NRG Energy Reduces Annual Loan Interest Expense by $12 Million
February 08 2013 - 8:00AM
Business Wire
NRG Energy, Inc. (NYSE: NRG) has successfully repriced its $1.58
billion Term Loan B due 2018. The repricing includes a reduction of
spread from 3.0% to 2.5% and a reduction in the LIBOR floor from
1.0% to 0.75%.
“The successful repricing of NRG’s term loan will result in
annual interest expense savings of approximately $12 million and
represents another significant step toward achieving at least $100
million in balance sheet efficiencies resulting from our recently
completed merger with GenOn,” said Kirk Andrews, Chief Financial
Officer.
About NRG
NRG is at the forefront of changing how people think about and
use energy. We deliver cleaner and smarter energy choices for our
customers, backed by the nation’s largest independent power
generation portfolio of fossil fuel, nuclear, solar and wind
facilities. A Fortune 300 company, NRG is challenging the U.S.
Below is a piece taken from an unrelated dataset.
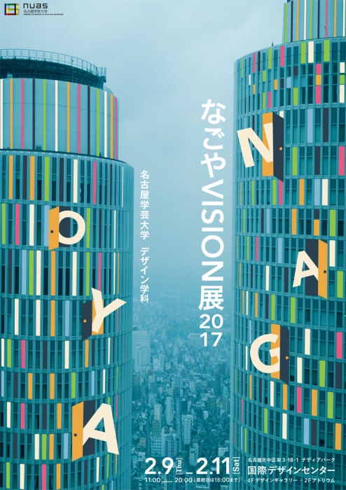 名古屋学芸大学メディア造形学部デザイン学科3年次学生による「これからの名古屋」を提案するデザイン展。ビジュアルコミュニケーション、スペースデザイン、プロダクトデザイン、学究デザインビジネスの4領域のいずれかに属する学生の作品を展示。

energy industry by becoming the largest developer of solar power,
building the first privately-funded electric vehicle charging
infrastructure, and providing customers with the most advanced
smart energy solutions to better manage their energy use. In
addition to 47,000 megawatts of generation capacity, enough to
supply nearly 40 million homes, our retail electricity providers –
Reliant, Green Mountain Energy and Energy Plus – serve more than
two million customers. More information is available at
www.nrgenergy.com. Connect with NRG Energy on Facebook and follow
us on Twitter @nrgenergy.
This news release contains forward-looking statements within the
meaning of Section 27A of the Securities Act of 1933 and Section
21E of the Securities Exchange Act of 1934. Such forward-looking
statements are subject to certain risks, uncertainties and
assumptions and include NRG’s expectations regarding interest
savings and the anticipated benefits of the transaction between NRG
and GenOn. Forward-looking statements typically can be identified
by the use of words such as “will,” “expect,” “believe,” and
similar terms. Although NRG believes that its expectations are
reasonable, it can give no assurance that these expectations will
prove to have been correct, and actual results may vary materially.
Factors that could cause actual results to differ materially from
those contemplated above include, among others, general economic
conditions, hazards customary in the power industry, the ability to
realize anticipated benefits of the transaction (including expected
cost savings and other synergies) or the risk that anticipated
benefits may take longer to realize than expected, and financial
and economic market conditions. NRG undertakes no obligation to
update or revise any forward-looking statements, whether as a
result of new information, future events or otherwise. The
foregoing review of factors that could cause NRG’s actual results
to differ materially from those contemplated in the forward-looking
statements included in this news release should be considered in
connection with information regarding risks and uncertainties that
may affect NRG’s future results included in NRG’s filings with the
Securities and Exchange Commission at www.sec.gov.